▶ [Task to carry out]:
First find the line with "GREGORIVS٠XIII٠PONT٠ M٠ ٠1582٠", then reproduce it and all following lines of the data to the end, exactly and with no pictures, adding nothing.
*** Given data ***
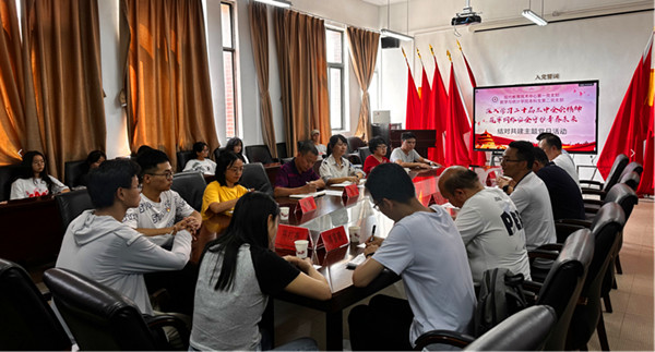 9月26日下午,现代教育技术中心党总支书记李文龙率第一党支部赴公司开展主题为“深入学习二十届三中全会精神 筑牢网络安全守护青春未来”结对共建主题党日活动。活动在志学楼331会议室举行,此次活动旨在深化党员对党的二十届三中全会精神的理解,提升网络安全意识,让技术服务走进公司。活动由必一运动副处级组织员余纯主持,现代教育技术中心副主任王帆、必一运动副书记朱吉韬、公司本科生第二党支部全体党员参加了此次活动。
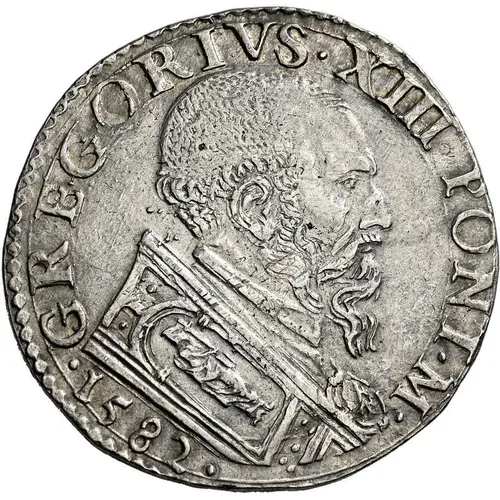 GREGORIVS٠XIII٠PONT٠ M٠ ٠1582٠ (Translation: Gregory 13th Supreme Pontiff) |
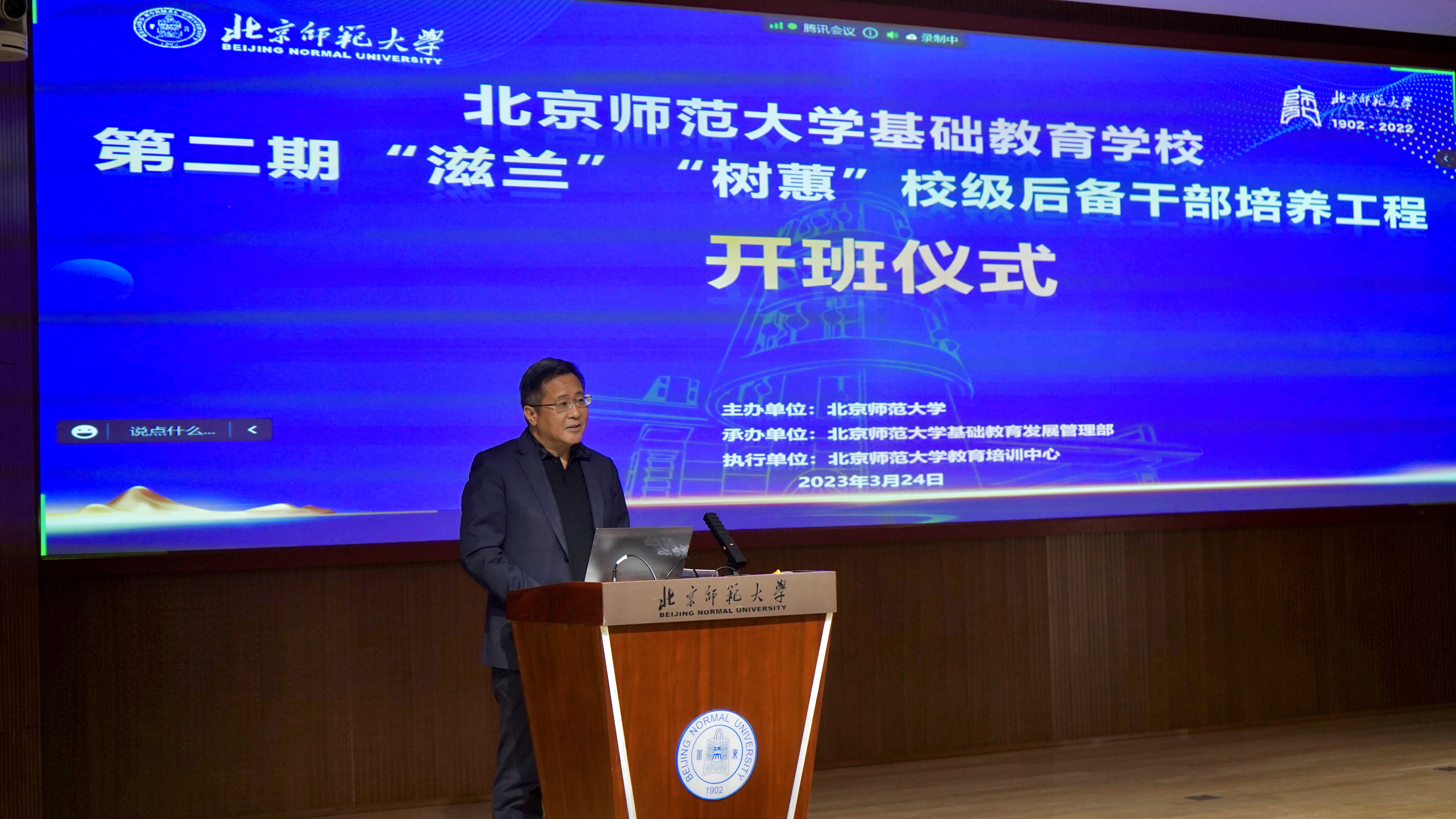 为加强北京师范大学基础教育学校校级干部队伍建设,增强基础教育学校“内部造血”功能,提升学校治理体系和治理能力现代化水平,3月24日,北京师范大学基础教育学校第二期“滋兰”“树蕙”校级后备干部培养工程开班仪式在北京师范大学举行。北京师范大学副校长王守军出席开班仪式并致辞。基础教育发展管理部相关负责同志出席开班仪式。
*** End of Given data ***
▶ [Result]:
 GREGORIVS٠XIII٠PONT٠ M٠ ٠1582٠ (Translation: Gregory 13th Supreme Pontiff) |
 为加强北京师范大学基础教育学校校级干部队伍建设,增强基础教育学校“内部造血”功能,提升学校治理体系和治理能力现代化水平,3月24日,北京师范大学基础教育学校第二期“滋兰”“树蕙”校级后备干部培养工程开班仪式在北京师范大学举行。北京师范大学副校长王守军出席开班仪式并致辞。基础教育发展管理部相关负责同志出席开班仪式。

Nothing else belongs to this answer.